--- The data ---

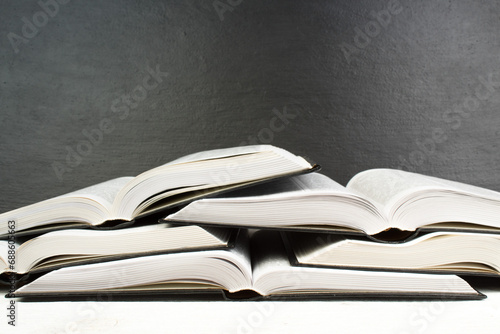 © lana_u, Obraz premium Open book on wooden deck table and black board background. Back to School. Education concept with copy space for your ad text.
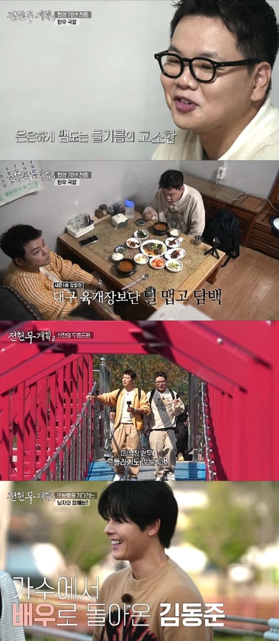 한우 국밥을 맛있게 ‘완뚝’한 두 사람은 경남 산청군으로 이동했다. 산청에서 전현무는 “무릉도원으로 가자!”라고 흔들다리인 ‘무릉교’로 곽튜브를 이끌었다. 곽튜브는 “이건 너무하다”며 고소공포증을 호소했으나, 오직 앞만 보고 다리를 걷기 시작해 짠내웃음을 안겼다. 곽튜브의 비명이 난무한 가운데, 전현무는 “계곡도 좀 봐~”라며 여유를 부렸고, 곽튜브는 “나중에 ‘전현무계획2’ 방송으로 볼게요”라고 다급하게 받아쳐 ‘대환장 파티’를 이뤘다.
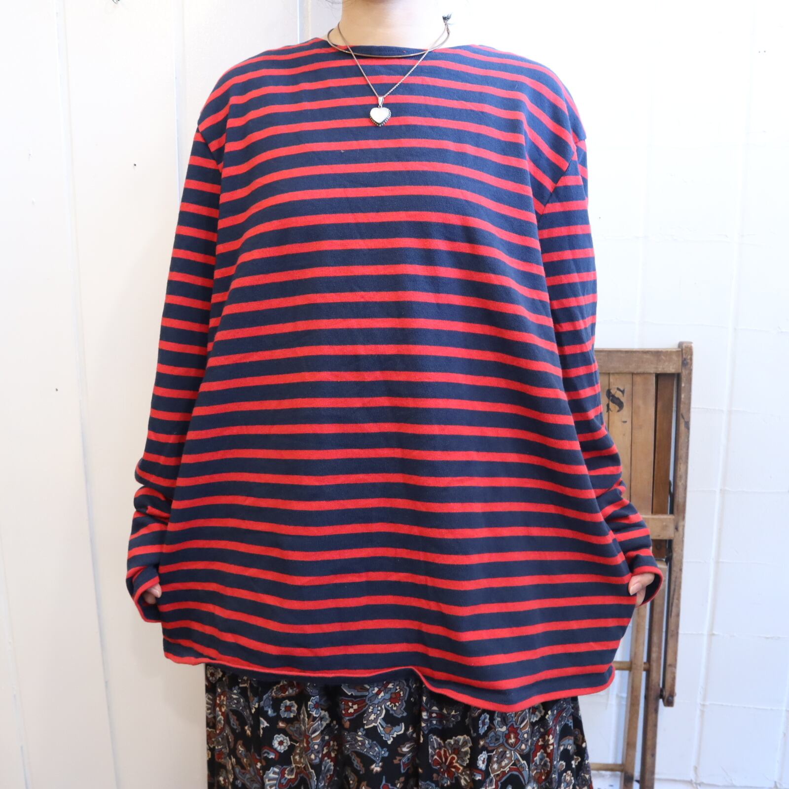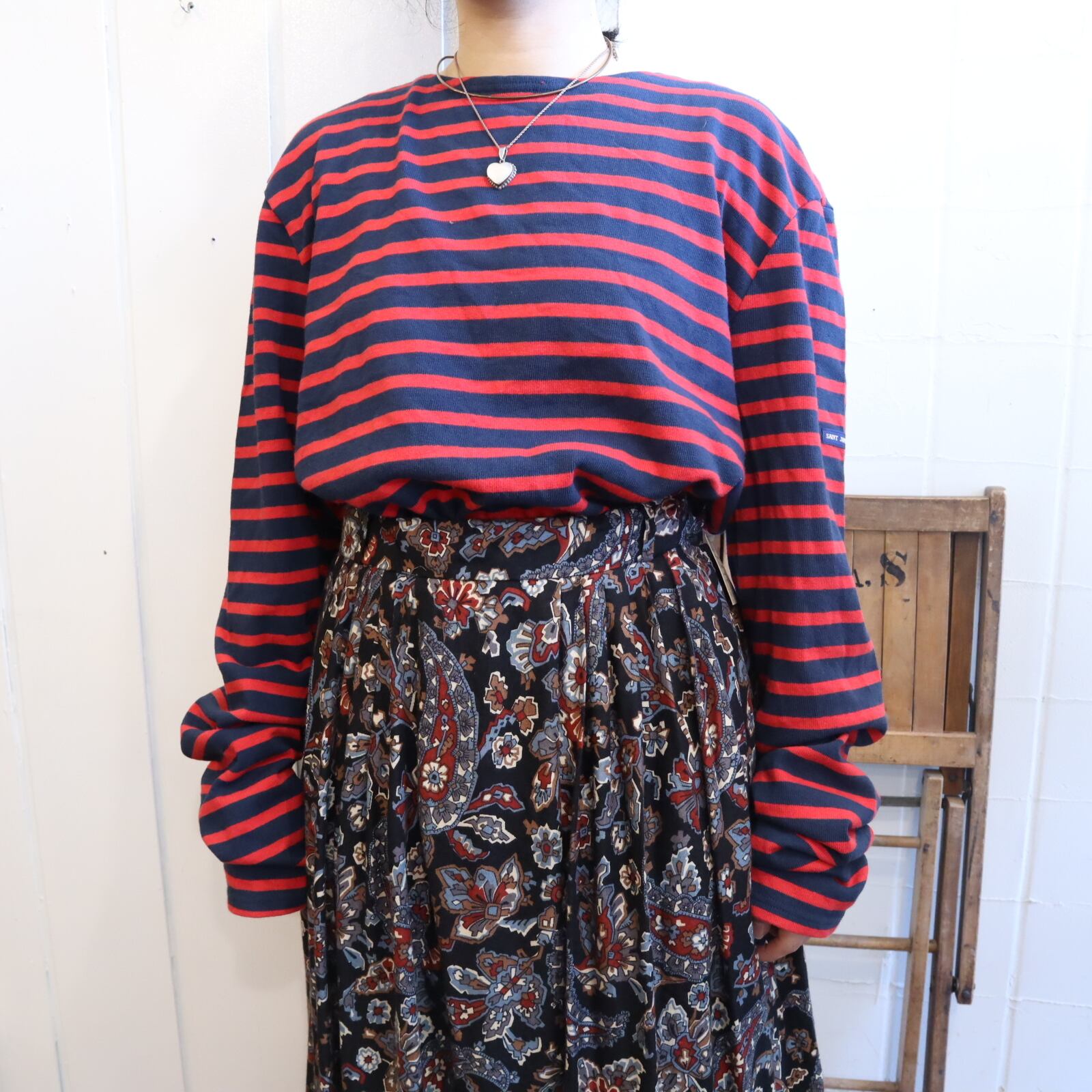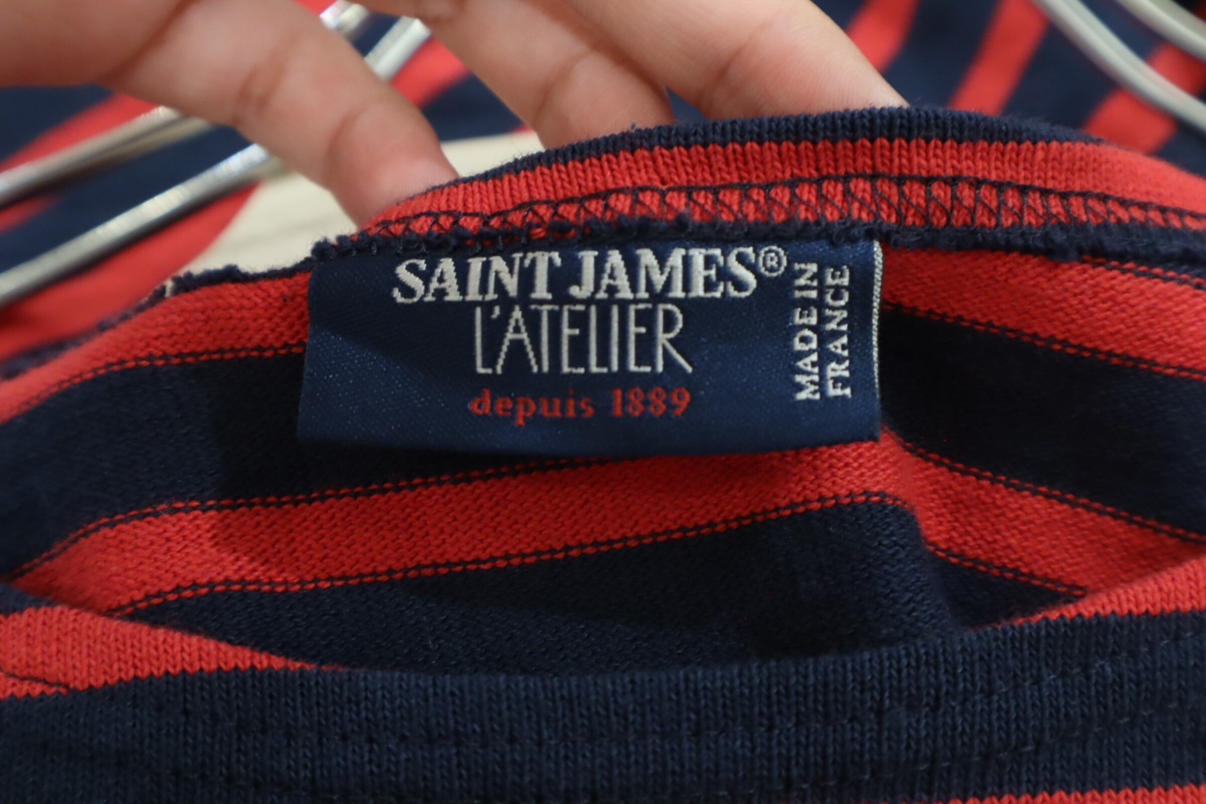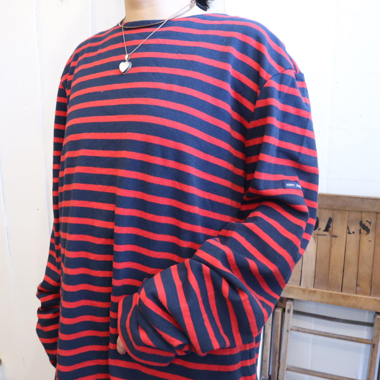 SAINT JAMES red×navy border tops [k-4086]

---

Task instructions ▸ Please transcribe the listing exactly as it stands, but omit its pictures.

Exercise answer ▸
 © lana_u, Obraz premium Open book on wooden deck table and black board background. Back to School. Education concept with copy space for your ad text.
 한우 국밥을 맛있게 ‘완뚝’한 두 사람은 경남 산청군으로 이동했다. 산청에서 전현무는 “무릉도원으로 가자!”라고 흔들다리인 ‘무릉교’로 곽튜브를 이끌었다. 곽튜브는 “이건 너무하다”며 고소공포증을 호소했으나, 오직 앞만 보고 다리를 걷기 시작해 짠내웃음을 안겼다. 곽튜브의 비명이 난무한 가운데, 전현무는 “계곡도 좀 봐~”라며 여유를 부렸고, 곽튜브는 “나중에 ‘전현무계획2’ 방송으로 볼게요”라고 다급하게 받아쳐 ‘대환장 파티’를 이뤘다.
 SAINT JAMES red×navy border tops [k-4086]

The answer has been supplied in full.